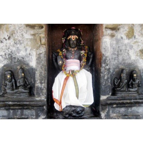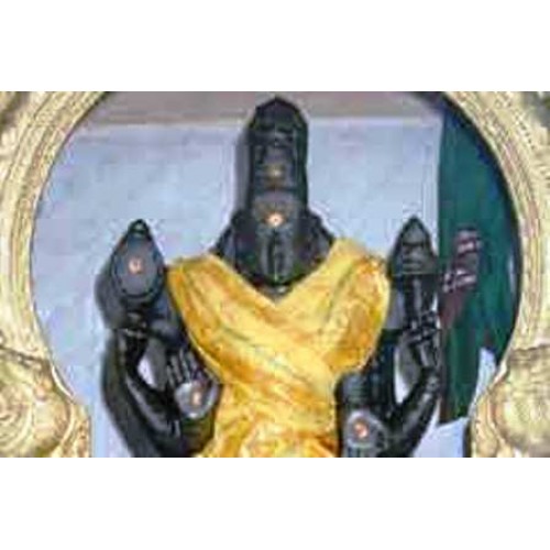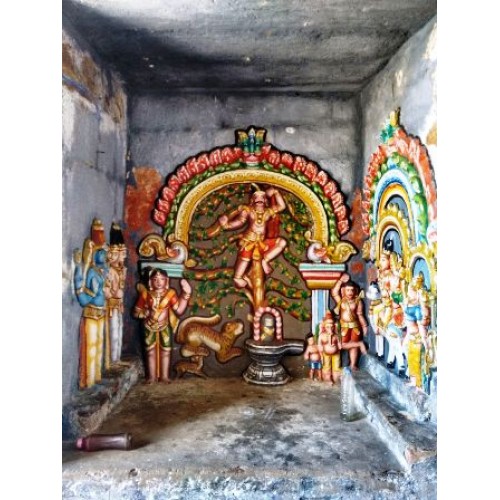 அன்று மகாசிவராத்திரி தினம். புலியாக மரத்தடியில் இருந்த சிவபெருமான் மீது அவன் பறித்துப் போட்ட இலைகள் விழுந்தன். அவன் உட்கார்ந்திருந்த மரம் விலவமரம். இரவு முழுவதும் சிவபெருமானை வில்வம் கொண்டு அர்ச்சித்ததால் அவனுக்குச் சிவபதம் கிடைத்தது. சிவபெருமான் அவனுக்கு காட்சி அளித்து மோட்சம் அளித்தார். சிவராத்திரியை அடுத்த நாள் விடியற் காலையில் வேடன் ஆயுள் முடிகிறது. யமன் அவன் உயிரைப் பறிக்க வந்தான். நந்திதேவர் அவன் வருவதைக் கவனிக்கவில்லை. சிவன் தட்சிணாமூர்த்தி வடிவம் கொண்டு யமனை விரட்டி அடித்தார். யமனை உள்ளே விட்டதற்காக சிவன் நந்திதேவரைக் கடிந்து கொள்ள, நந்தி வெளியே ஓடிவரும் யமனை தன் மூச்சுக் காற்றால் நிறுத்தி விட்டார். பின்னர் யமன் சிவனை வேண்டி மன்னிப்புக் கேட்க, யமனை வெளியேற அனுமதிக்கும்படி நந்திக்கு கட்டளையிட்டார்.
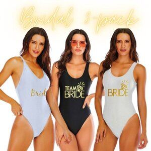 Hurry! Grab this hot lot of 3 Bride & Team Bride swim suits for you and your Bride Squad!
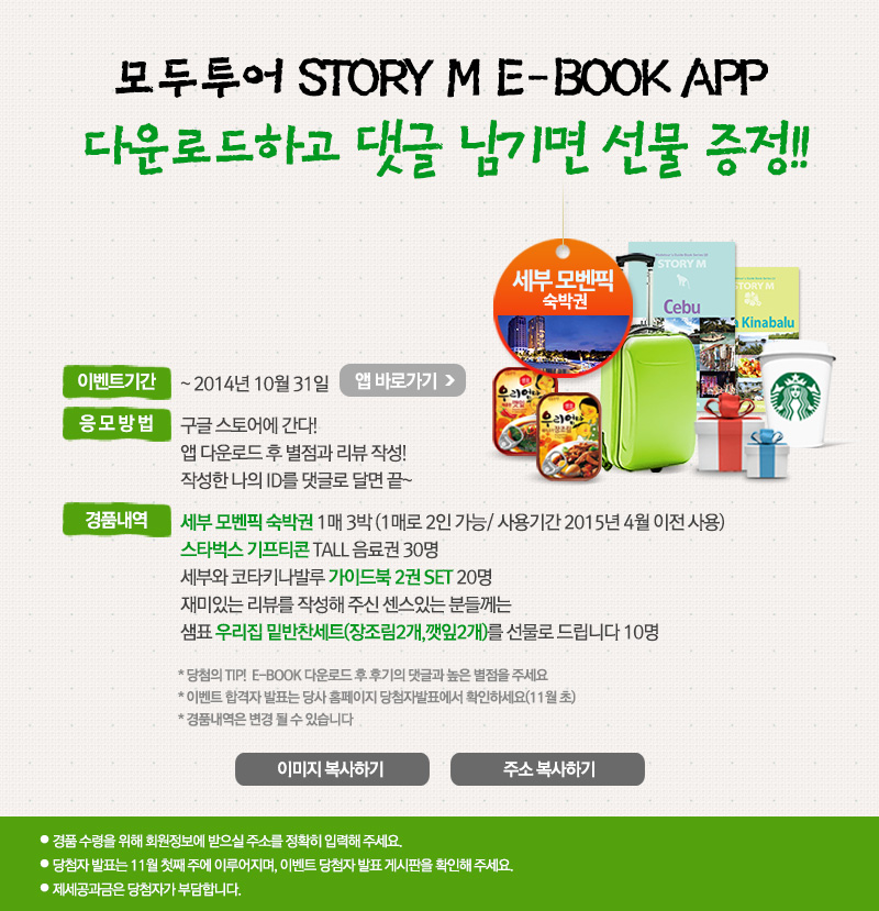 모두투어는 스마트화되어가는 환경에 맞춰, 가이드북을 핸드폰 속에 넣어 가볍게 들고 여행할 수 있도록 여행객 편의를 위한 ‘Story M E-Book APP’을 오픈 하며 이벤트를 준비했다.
····················
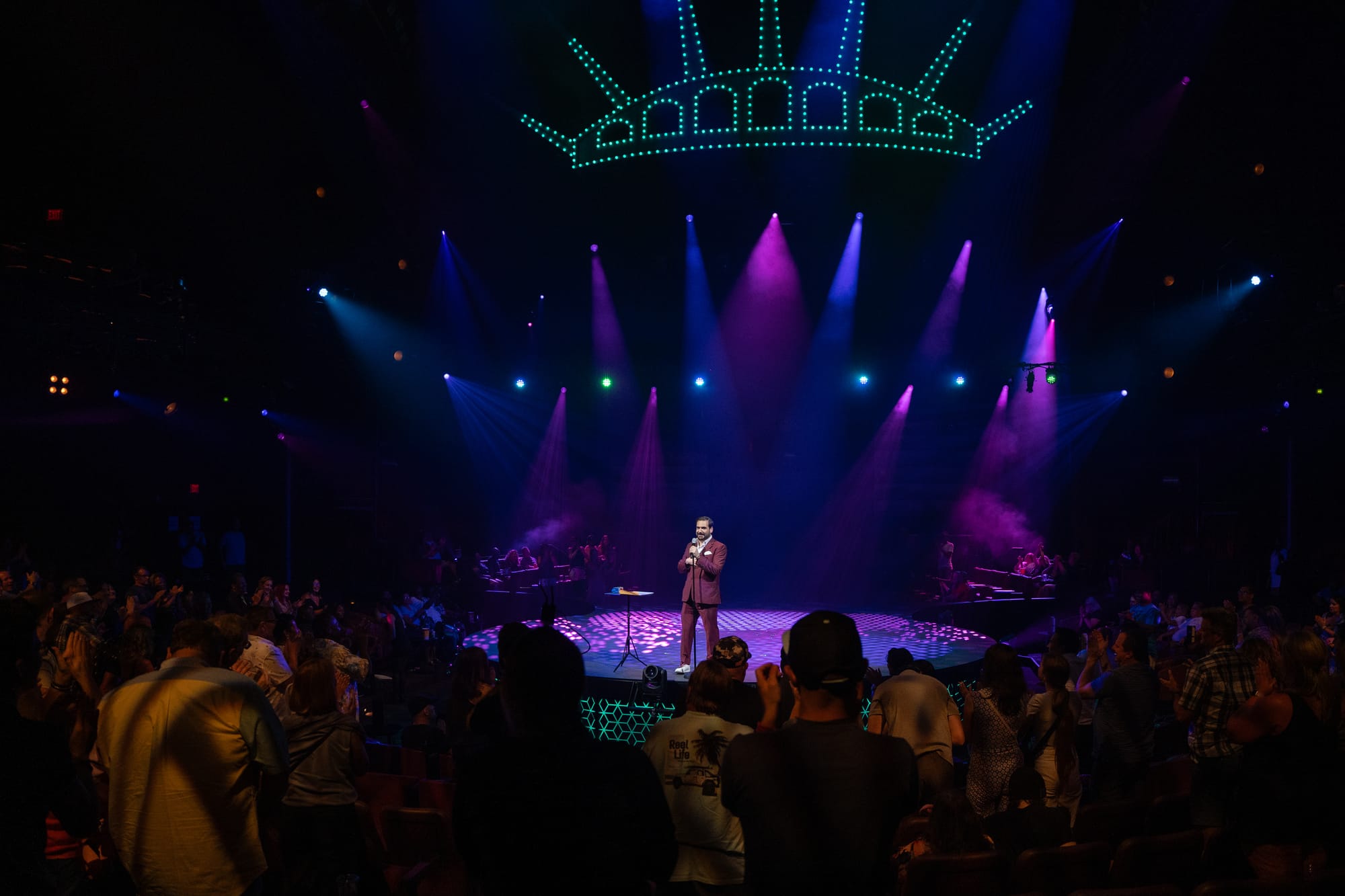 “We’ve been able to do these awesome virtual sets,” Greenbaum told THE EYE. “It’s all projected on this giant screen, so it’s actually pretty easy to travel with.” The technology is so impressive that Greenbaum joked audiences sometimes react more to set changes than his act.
····················
* _WHAT IS BEING ASKED_:
Word for word, retype the lines in the entries above that run from the one with "Hurry! Grab this" through the one with "모두투어는 스마트화되어가는 환경에". Both ends count; pictures do not.

* _SOLUTION BELOW_:
 Hurry! Grab this hot lot of 3 Bride & Team Bride swim suits for you and your Bride Squad!
 모두투어는 스마트화되어가는 환경에 맞춰, 가이드북을 핸드폰 속에 넣어 가볍게 들고 여행할 수 있도록 여행객 편의를 위한 ‘Story M E-Book APP’을 오픈 하며 이벤트를 준비했다.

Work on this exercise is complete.